Figure 6
From: Depolarization of echo chambers by random dynamical nudge

The RDN applied to a selective social influence model of echo chamber formation. A different opinion dynamics model that typically produces echo chambers (a, left)34 can prevent these echo chambers from forming by applying the RDN as in Eq. (7) (a, right). Both simulations in (a) have the same seed conditions. (b) The number of peaks formed after a 5000 time step simulation was dependent on the RDN strength D, but not clearly on sample size n (10 trials each, bars indicate standard error of the mean).

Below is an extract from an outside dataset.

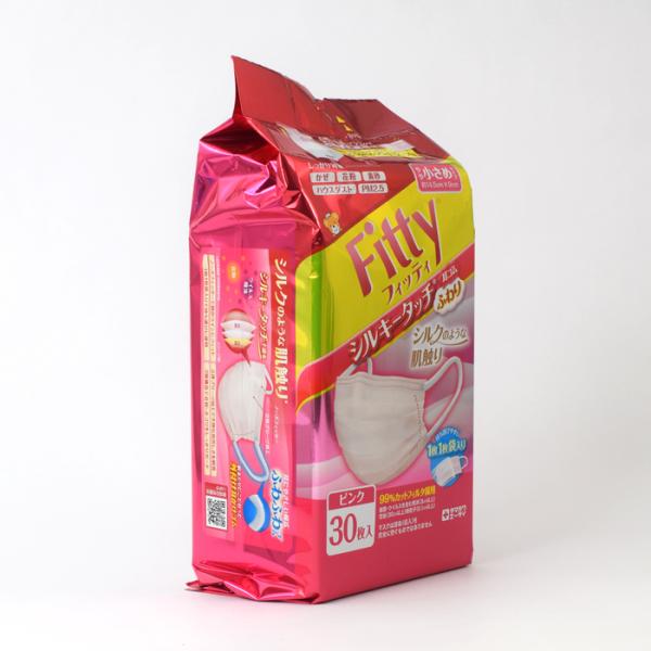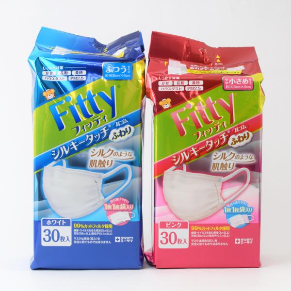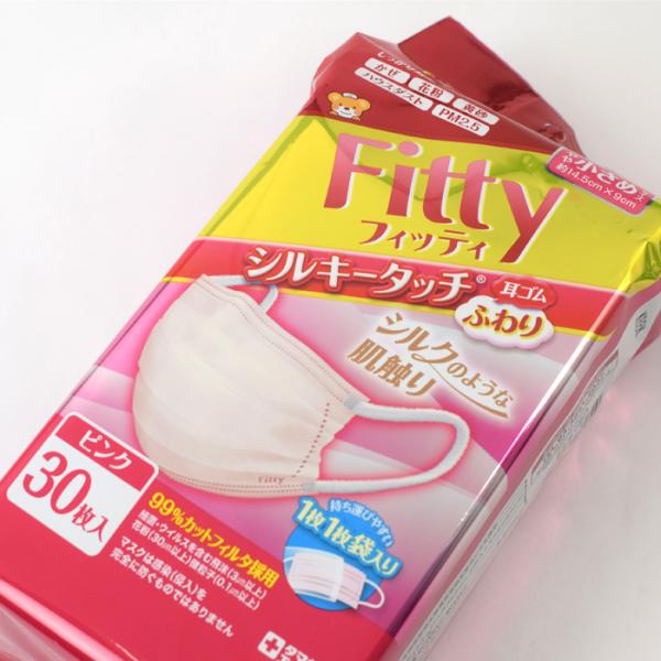 フィッティ Fitty シルキータッチ マスク 耳ゴムふわり 30枚入 個包装 やや小さめサイズ ピンク ケース付 JIST9001適合

Note that the selective social influence model can produce more than 2 echo chambers. (c) Applying the RDN (\(D=10\) and \(n=1\)) to an already-polarized network “Pre RDN” took longer to become depolarized, if at all (\(t_{max} = 50000\)). (d) The number of peaks over time for a range of n and D (average of 10 trials). By \(t_{max}\), most networks had stabilized, with larger D values causing fewer peaks. This change in the number of peaks between “\(t_{max}\)” and “Pre RDN” is shown in (e). Note that for \(D \ge \,0.3\) the simulations could become numerically unstable (any change in opinion of \(>1\) within 10 time steps) and were excluded (grey block in “d” indicates less than 3 stable simulations). The RDN in examples (a, c) has a strength (D) of 0.2 and a sample size (n) of 1. Other parameters were as in the authors’ original model: \(N=100\), \(E=400\), \(m=10\), \(\epsilon = 0.5\), \(\mu =0.5\), \(p=0.5\), and \(q=0.5\).